### EXERCISE
If a line below falls between the line with "Klänningar till konståkning" and the line with "1年生の給食当番が、給食の準", or is one of those two, output it exactly; output nothing else and no pictures.

### SOURCE DATA
------------
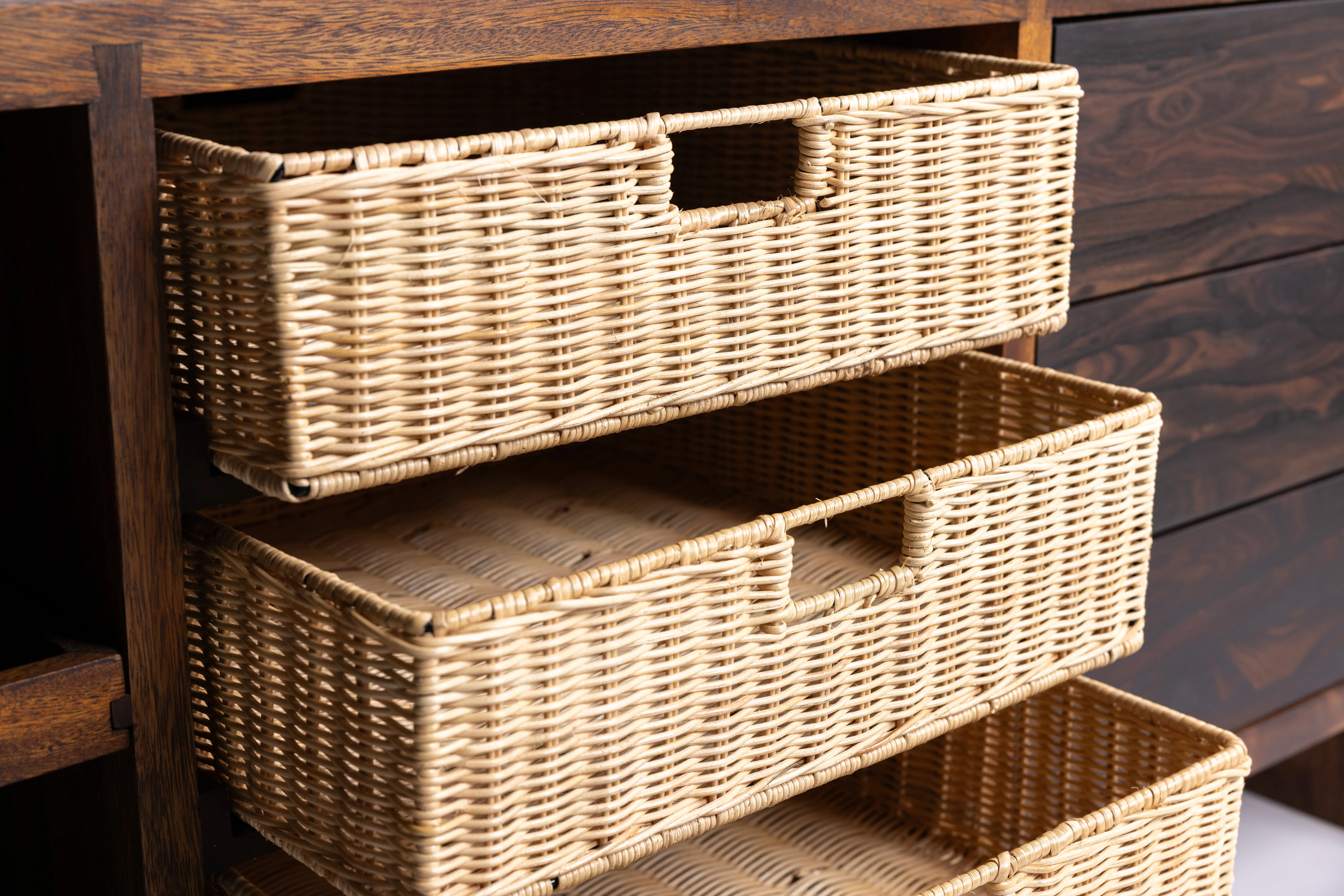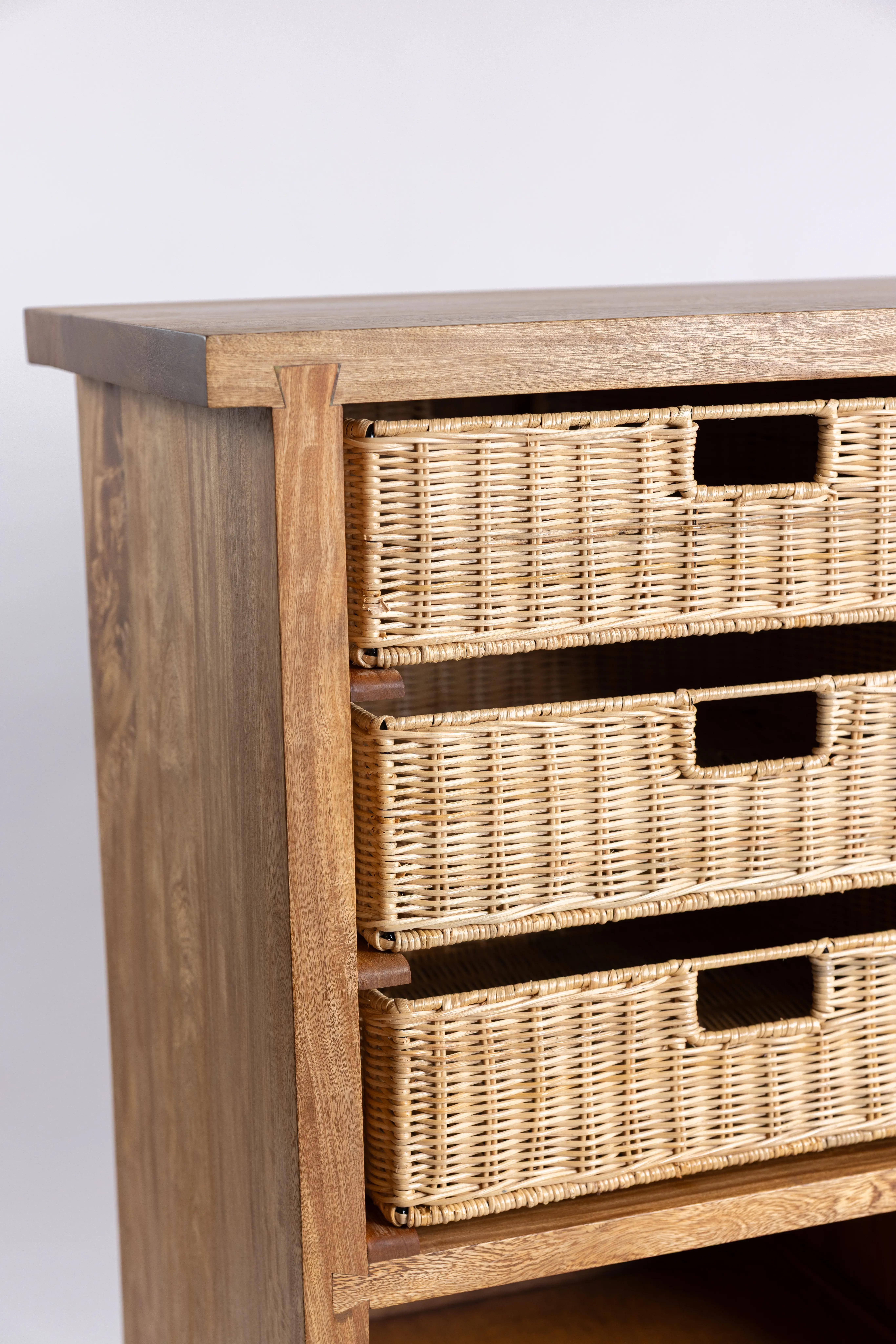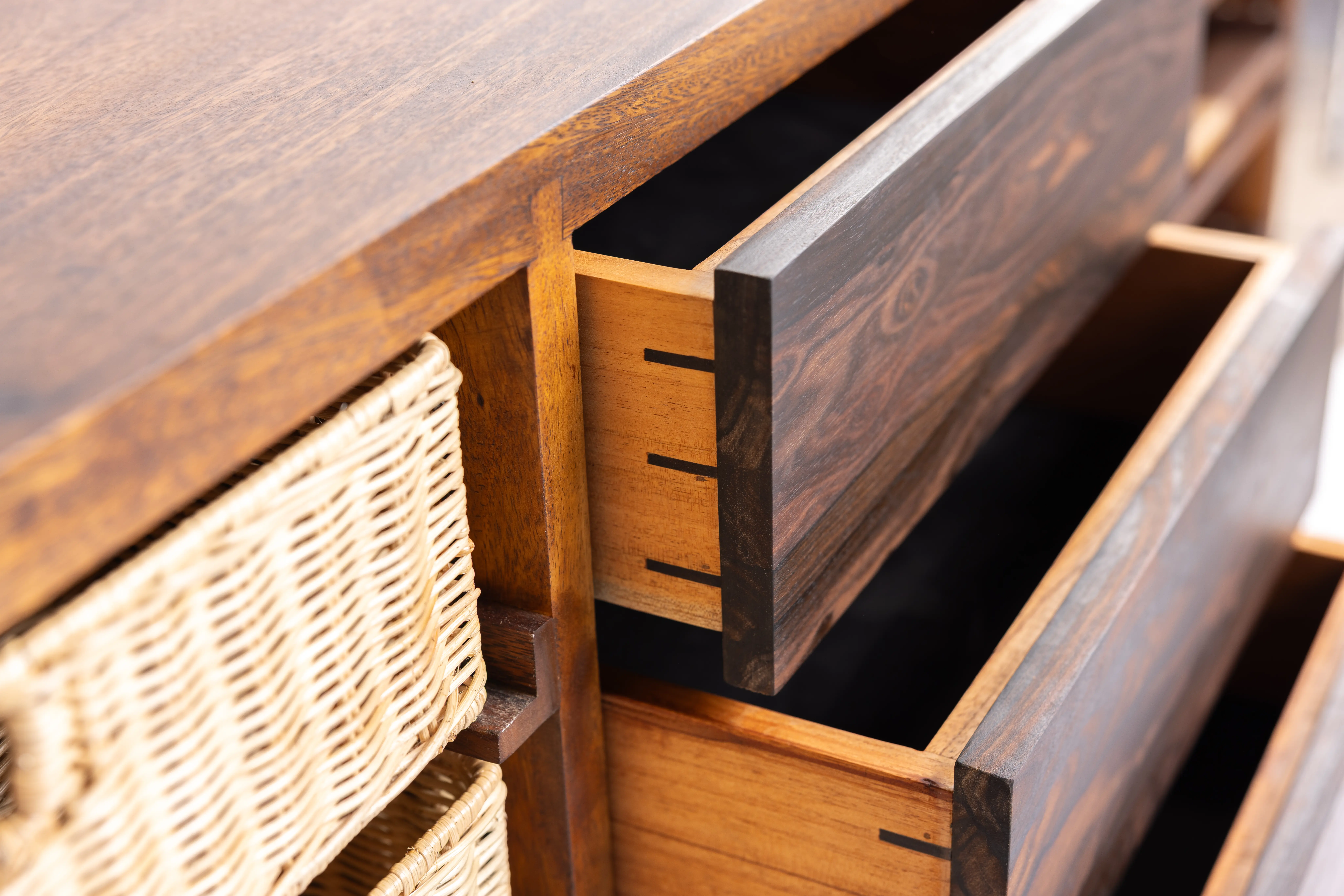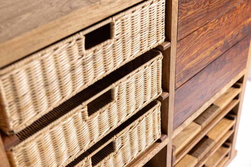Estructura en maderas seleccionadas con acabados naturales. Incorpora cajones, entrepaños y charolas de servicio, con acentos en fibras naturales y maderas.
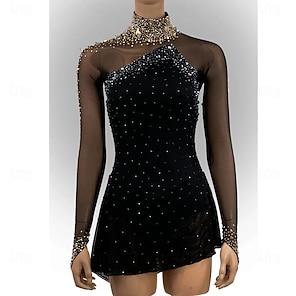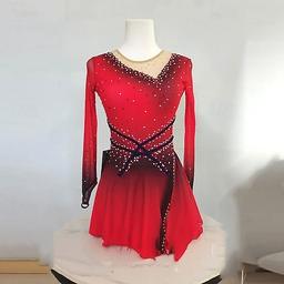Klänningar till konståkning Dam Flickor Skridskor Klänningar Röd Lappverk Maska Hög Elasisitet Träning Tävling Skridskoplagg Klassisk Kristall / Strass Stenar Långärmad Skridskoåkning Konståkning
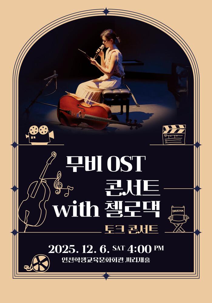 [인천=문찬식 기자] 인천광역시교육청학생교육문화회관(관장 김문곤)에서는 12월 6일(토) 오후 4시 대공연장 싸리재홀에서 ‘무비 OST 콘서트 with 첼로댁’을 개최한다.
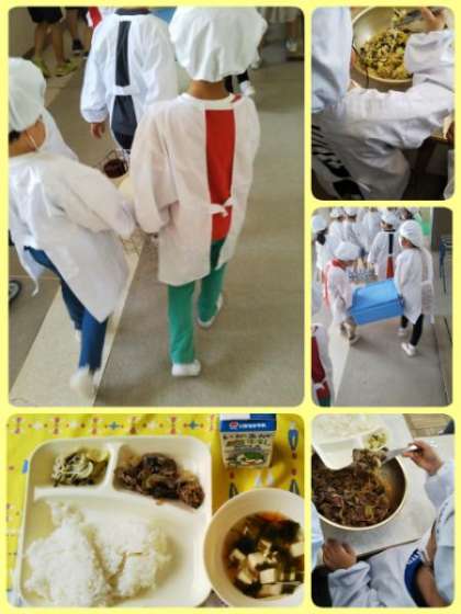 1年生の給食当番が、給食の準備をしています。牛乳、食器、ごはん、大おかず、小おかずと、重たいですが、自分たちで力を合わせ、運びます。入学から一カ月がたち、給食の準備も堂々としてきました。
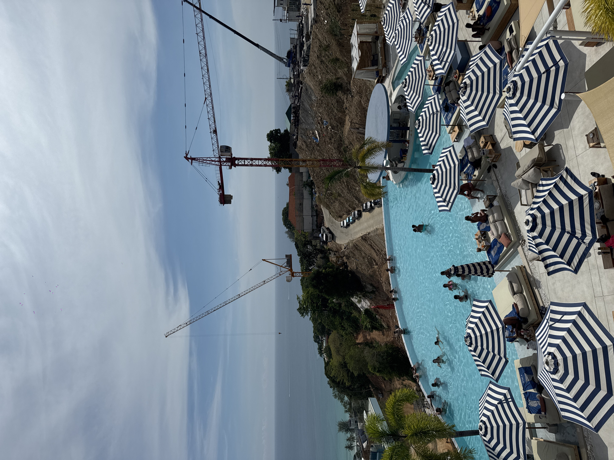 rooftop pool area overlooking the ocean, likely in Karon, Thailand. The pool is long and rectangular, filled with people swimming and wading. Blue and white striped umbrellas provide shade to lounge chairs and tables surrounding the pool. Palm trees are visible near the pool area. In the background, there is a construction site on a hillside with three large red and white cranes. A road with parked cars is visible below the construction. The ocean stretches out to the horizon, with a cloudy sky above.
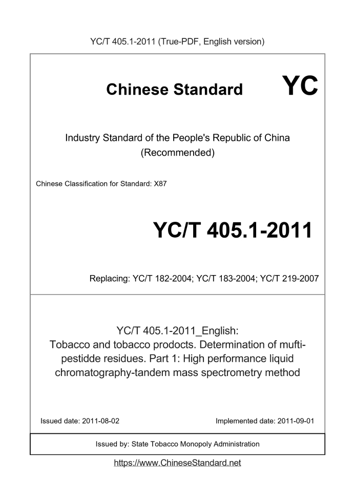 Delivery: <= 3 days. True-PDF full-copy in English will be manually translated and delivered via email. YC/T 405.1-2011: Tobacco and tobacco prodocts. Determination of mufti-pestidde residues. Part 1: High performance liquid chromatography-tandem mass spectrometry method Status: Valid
------------
### SOLUTION FOR THIS EXERCISE
Klänningar till konståkning Dam Flickor Skridskor Klänningar Röd Lappverk Maska Hög Elasisitet Träning Tävling Skridskoplagg Klassisk Kristall / Strass Stenar Långärmad Skridskoåkning Konståkning
 [인천=문찬식 기자] 인천광역시교육청학생교육문화회관(관장 김문곤)에서는 12월 6일(토) 오후 4시 대공연장 싸리재홀에서 ‘무비 OST 콘서트 with 첼로댁’을 개최한다.
 1年生の給食当番が、給食の準備をしています。牛乳、食器、ごはん、大おかず、小おかずと、重たいですが、自分たちで力を合わせ、運びます。入学から一カ月がたち、給食の準備も堂々としてきました。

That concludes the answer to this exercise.